Although, I am a very blessed woman, I just like others, have to go through my share of trials and tribulations. Some of my trials and tribulations consist of losing my grandson, Chris, who played football for the Miami Hurricanes and enrolled in a graduate school, died in a car accident in February of 2002.
Another drastic event that I had to encounter, was losing my oldest son, Elder Willie Searcy, to a battle of cancer. Willie, was the founder of the Marantha Church of God in Christ, located in Mt. Pleasant, Texas.
Two years later, (2006) death came and took my husband, Milton Mims; he died of heart problems. It was during these trying times that stress had entered my life. I realized that my heartaches and all that pain inside, was too much for me to handle.
Therefore, I began to ask myself, What is stress? Stress is a force, pressure, and strain that produces a change in one's life, which is what I had experienced. All of those bad things (death of loved ones) that happened to me, brought about a change in my life; I began feeling frustrated, unhappy, and very overwhelmed. Because of the stress, my daily life was affected greatly.
I started making bad decisions and could not handle or deal with daily tasks. At that time, I did not understand why I couldn't function as I normally did in the past, especially with the simplest thing in my life; but now, I know it was stress, which does dramatically affect the mind and body, and makes it harder to cope with everyday living. I had allowed stress to take over to the point, where I couldn't thank God, because I thought he had forgotten me.
I felt helpless, and didn't think I could rely on anyone. So, I began to go to the doctor, who would inform me that I was "Just under a lot of stress, as well as a state of depression," which I didn't want to accept. It was hard for me to believe it was stress, that was making my life so miserable. Needless to say, the doctor gave me some medications, which didn't make me feel better; actually, it made me feel worse.
I began to loose weight, because I didn't have any desire or appetite to eat. I almost gave up on my health; I would just lay around the house, and isolated myself from everyone. But, thank God for deliverance.
One day a missionary came to my house, and laid hands on me, and prayed for my deliverance. I began to realize that God had sent me a message through this woman. God was telling me how to get my life back in order, because he was not through with me yet. He was telling me how to eliminate stress, and start living again. God stepped in, right on time, as he always has. God told me to "Go to church at noon everyday and pray, and lay before him." I was to read his word and continually praise him and lift him up - give Him the Glory. He put his words in my mouth to speak to his people.
When he gave me the answer that I had been seeking, I decided that I would not live a stressful life. I knew that I now had a way out from under the devil's - stress, which was through God's word. The Word says, " I will not leave you nor forsake you, Lo, I am with you always even unto the end of the world." (Matt.28:20).
It was then, my sleep began to change in the direction that God guided. I began sleeping on my Bible, anointing myself and speaking God's words to the stress demons. Yet, it seemed like the more I spoke God's word, the more the mountain of stress would try to build. It was then and there, that I made up my mind that the devil is a liar, and that God's words work. "Wherefore, take unto you the whole armor of God that you maybe able to withstand." (Ephesians 6:13-14).

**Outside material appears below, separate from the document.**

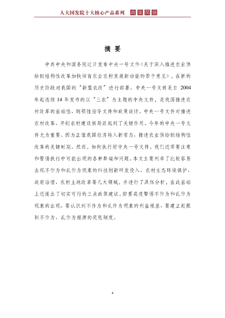 人大国发院:国发院政策简报第十四期:中央一号文件推行过程中需警惕不作为和乱作为.pdf

I found out that the enemy yields only to what he must, and what is taken. Therefore, the ground must be taken.
God's word gave me the authority, to take my life back. He let me know the scriptures can't be broken. I continued to pray everyday, and read other books on God's healing. I did these things, because healing was what I needed. Every morning and night, I would read God's word and quote it. I had to learn through his word. There are many people who are saved and stressed out, because they aren't taking care of their bodies and mind. They need to learn to relax, and meditate on God's words.